# training while in calorie deficit



## mrgeeky (Aug 5, 2014)

training while in calorie deficit, do you push every session to failure or if in calorie deficit is there more chance of being injury prone due to lack of enough nutrition to repair effectively..
The reason I ask is every time I train in calorie deficit and I train balls to the wall, I appear to end up with an injury..

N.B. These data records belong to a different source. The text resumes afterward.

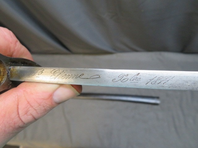 Excellent condition original French Mle 1866 Chassepot bayonet that is complete with matching numbered scabbard. Bayonet has St. Etienne Arsenal markings on the blade spine and dated December 1871. Blade has beautiful original bright finish and was never sharpened. Guard has nice original bright finish. Brass grip has nice mellow patina. Lock button and leaf spring function fine. Matching numbered steel scabbard has nice original blue finish and no dents. A beautiful Chassepot bayonet with matching numbers.
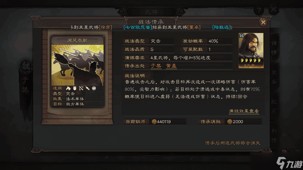 若传承的是已觉醒的武将,系统会返还觉醒时使用的材料武将。同时此前为该武将投入的战法点会按比例返还,兵书消耗的武将材料也会同步归还。这一设计降低了传承操作的资源成本,避免因操作失误导致资源浪费。一旦选择传承,该武将将永久移除且无法恢复,因此必须慎重选择传承对象。通常建议优先消耗那些拥有高价值传承战法的武将,而对传承战法实用性低、或本身是队伍核心的武将,需仔细权衡是否值得消耗。解锁传承战法后,并不能直接投入使用。初始状态下,传承战法的进度通常为30%。需要通过消耗对应星级的武将进行“演练”,B级战法需消耗三星武将,A级及以上则需四星武将,直到进度达到100%,才能正式学习到其他武将身上。这一步骤需要持续投入材料,但也是发挥传承战法效果的必要流程。 若某一战法是队伍急需的核心技能,即使该武将红度较高,也建议优先传承。反之若传承战法对队伍提升有限,则可保留武将用于进阶,通过提升红度强化其基础属性"> 武将传承是优化队伍战术体系的关键,这一机制是解锁其武将独有的“传承战法”。从而为其他武将赋予更灵活的技能搭配,最终提升队伍的实战能力。传承战法是该武将的专属技能,只有通过传承才能在战法库中解锁。这一战法可以学习到其他武将身上,让原本技能薄弱的武将获得关键强化,极大拓展队伍的战术选择空间。 三国志战 阅读全文...
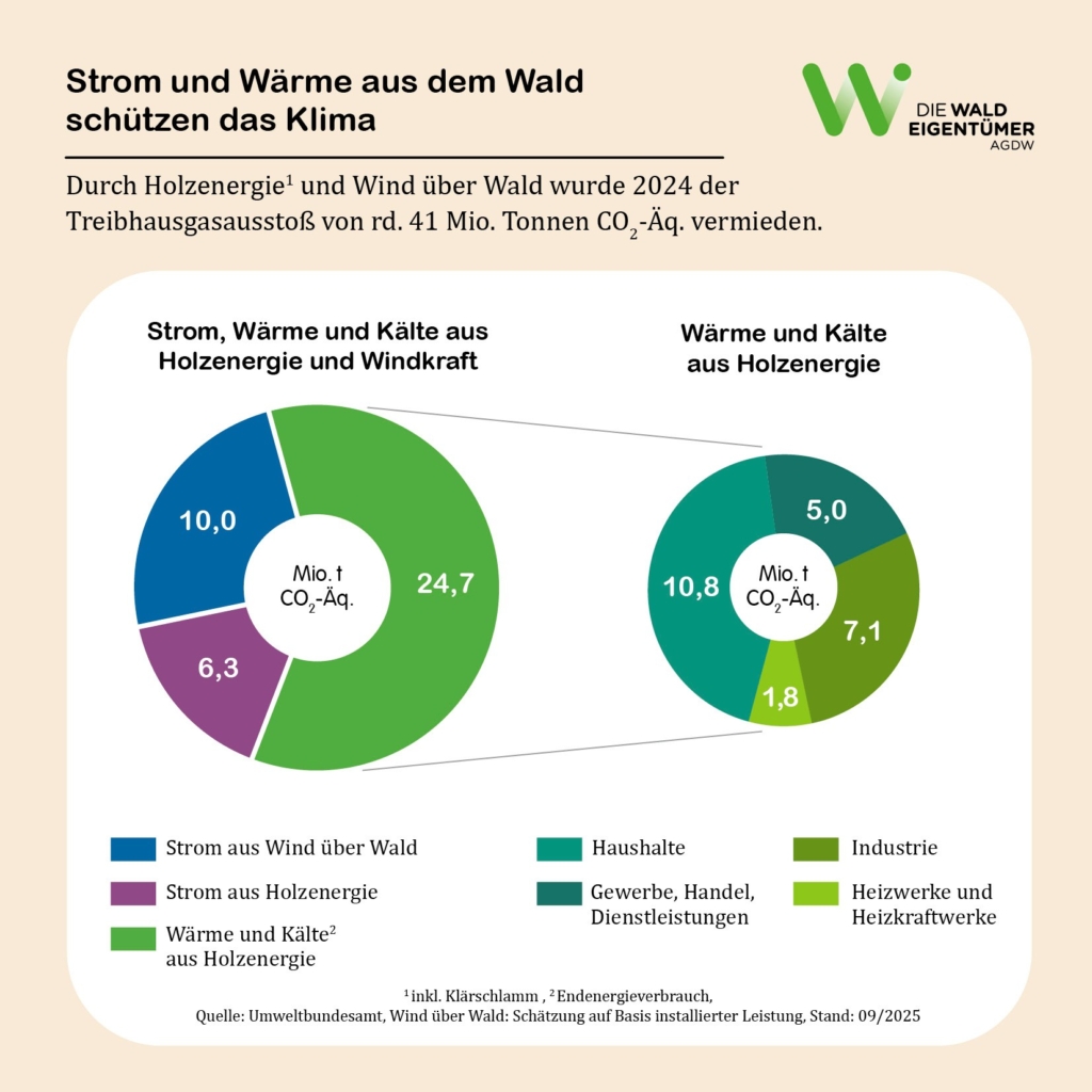 Strom liefert übrigens auch die Windenergie über dem Wald. Durch die Anlagen auf Forstflächen wurden 2024 bundesweit THG-Emissionen von rund 10 Mio. t CO2-Äquivalenten eingespart. Die heute aufgestellten Anlagen produzieren viel mehr Strom als ihre Vorgänger, so dass mit einer vergleichbaren Zahl an Windrädern deutlich mehr Elektrizität für Haushalte und Industrie entsteht.
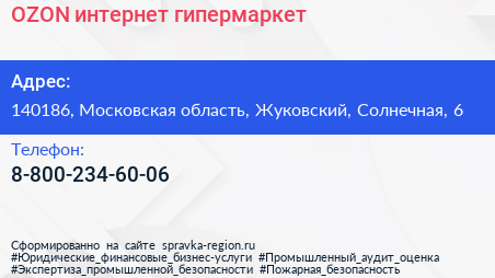 OZON, интернет-гипермаркет по адресу 140186, Московская область, Жуковский, Солнечная, 6 в дальнейшем Организация, размещена в следующих категориях:
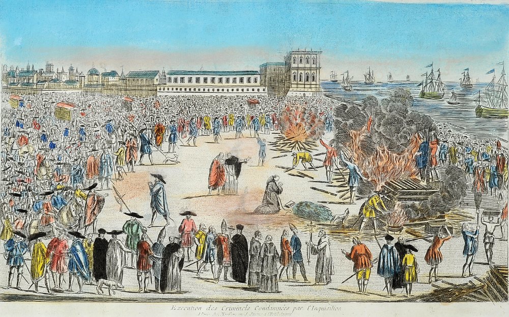 "Auto de fé no Terreiro do Paço - Lisboa" gravura aguarelada sobre papel francesa séc. XVII/XVIII Dimensões (altura x comprimento x largura) - 26 x 43 cm
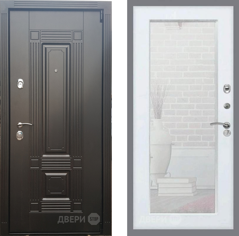 Входная Дверь Рекс (REX) 9 Зеркало Пастораль Белый ясень 960x2050 мм
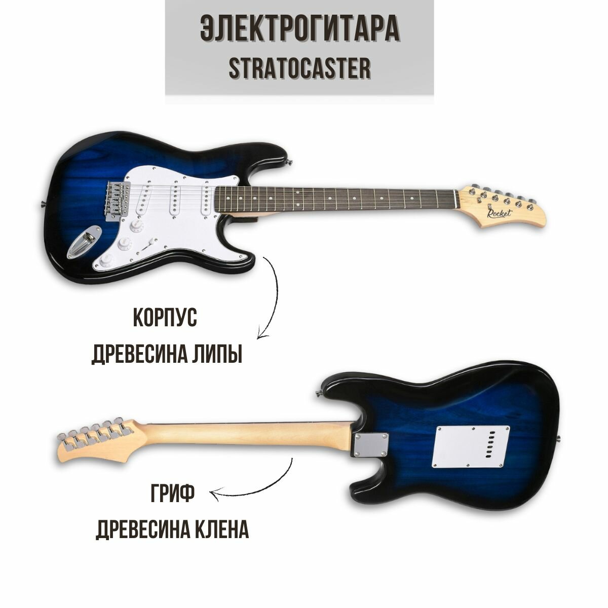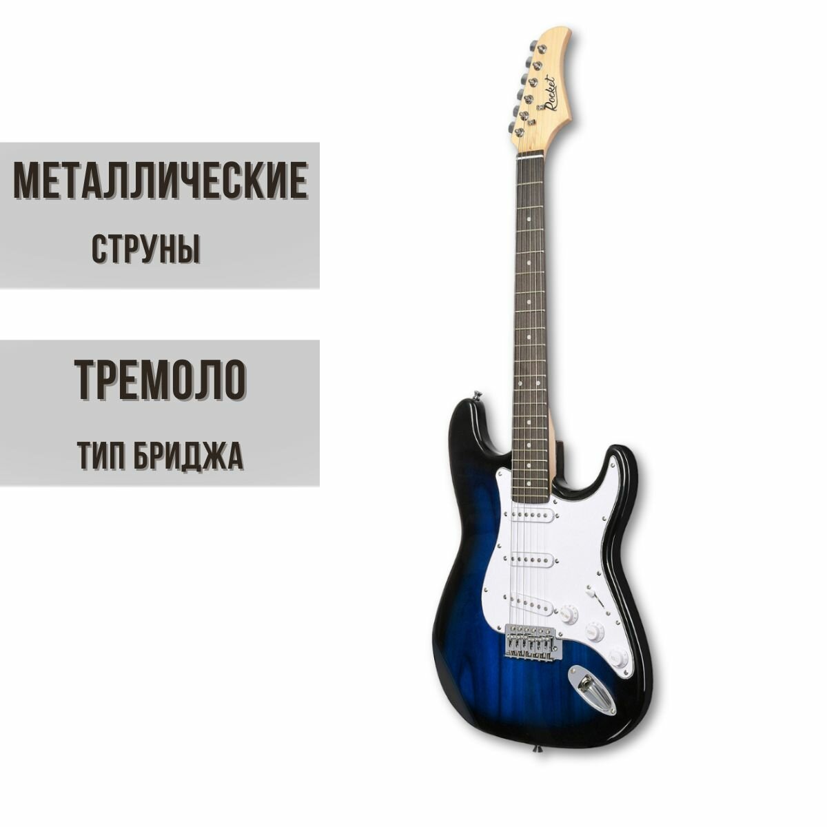 Купить Электрогитара ROCKET ST-01 BB Stratocaster SSS цвет синий берст в комплекте шнур Jack-Jack
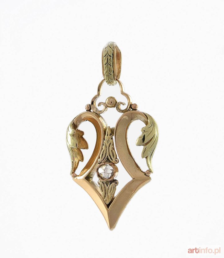 podłużna kompozycja z motywami roślinnymi, w centrum owalna rozeta diamentowa o masie ok. 0.18 ct (VS/E-G), złoto pr.ok.0.500, masa całkowita 5.065 g. Wyrób został wykonany we Francji, XIX/XX w.
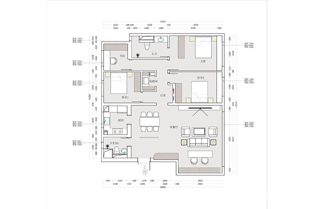 借户型方正通透之基,凝炼意式轻奢精髓:客餐厨一体铺展开阔场域,大理石与哑光金属交织利落韵律,丝绒、肌理面料晕染温润。低饱和暖调沁润,金属饰边、精致缝线藏巧思,平衡仪式感与日常松弛,诠释优雅克制的生活美学 。
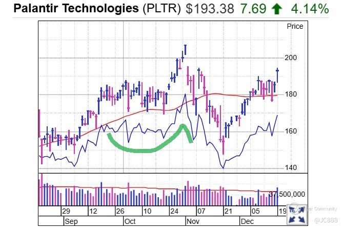 On Fri, 19 Dec 2025, PLTR broke out above the $190.39 buy point of a cup-with-handle base. (see above, green outline)
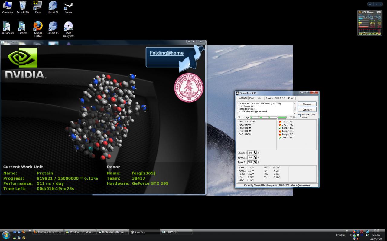 Just running it now and I can see that it is burning up in my GTX 295 pushing both the cores right up to full load temperatures while it seems to be using core 4 on my CPU only.
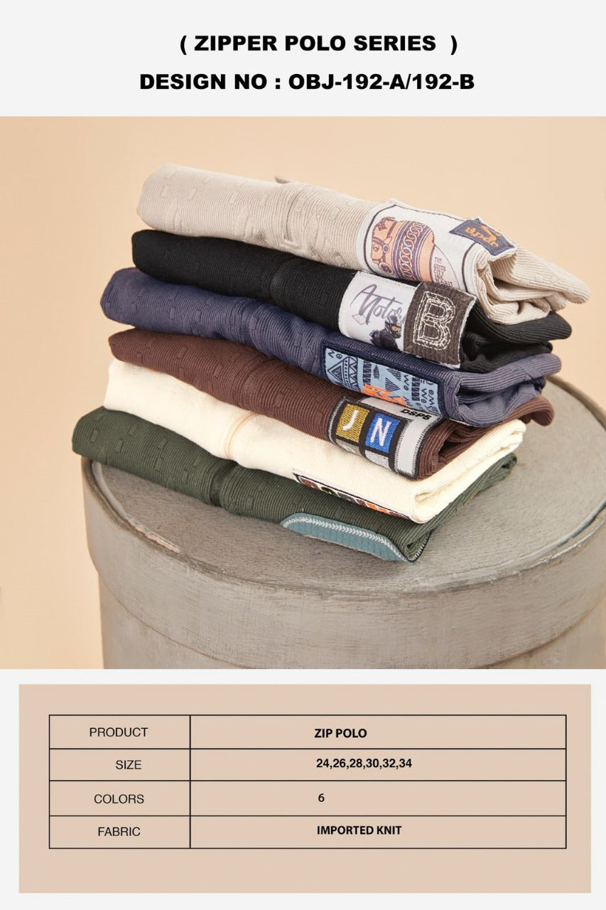 - Fabric Detail: Imported Jacquard (Zipper Polo With Embroidery Patch Work) Packing - Zip Pouch 6 Colours And 6 Size - 36 Pcs
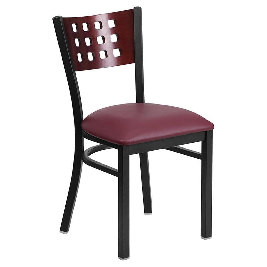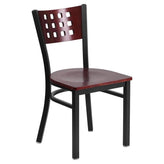- HERCULES Series Black Cutout Back Metal Restaurant Chair - Mahogany Wood Back

Whats the general guide lines here. If training in calorie deficit do you still give it your
 all every session? Or do you back off the weights a  little??


----------



## Azog (Aug 5, 2014)

Keep the intensity high and don't do lower weights. Chance for injury may skightly go up, but you won't maintain as much muscle tissue if you train like a bitch while cutting. Basically,  don't change anything. Keep lifting as heavy as you can.


----------



## TheLupinator (Aug 6, 2014)

Agreed with Azog. having a light breakfast doesn't give you an excuse to train like a pussy


----------



## Azog (Aug 6, 2014)

TheLupinator said:


> Agreed with Azog. having a light breakfast doesn't give you an excuse to train like a pussy



Word. My ****ing breakfast is only 4 eggs, 1/2 tbsp coconut oil and spinach and I get after it hard as **** 7 days a week.


----------



## xrepdestroyer (Aug 9, 2014)

Azog said:


> Word. My ****ing breakfast is only 4 eggs, 1/2 tbsp coconut oil and spinach and I get after it hard as **** 7 days a week.



How do you survive on that for breakfast? Do you throw some muscle supplements like aminos in to your meal?


----------



## TheLupinator (Aug 9, 2014)

xrepdestroyer said:


> How do you survive on that for breakfast? Do you throw some muscle supplements like aminos in to your meal?



Mental. I cut the first 2 yrs of college and my breakfast was a 1.5 scoops ON pro complex and an apple... heavy squats, heavy deads, didn't matter


----------



## Maijah (Aug 9, 2014)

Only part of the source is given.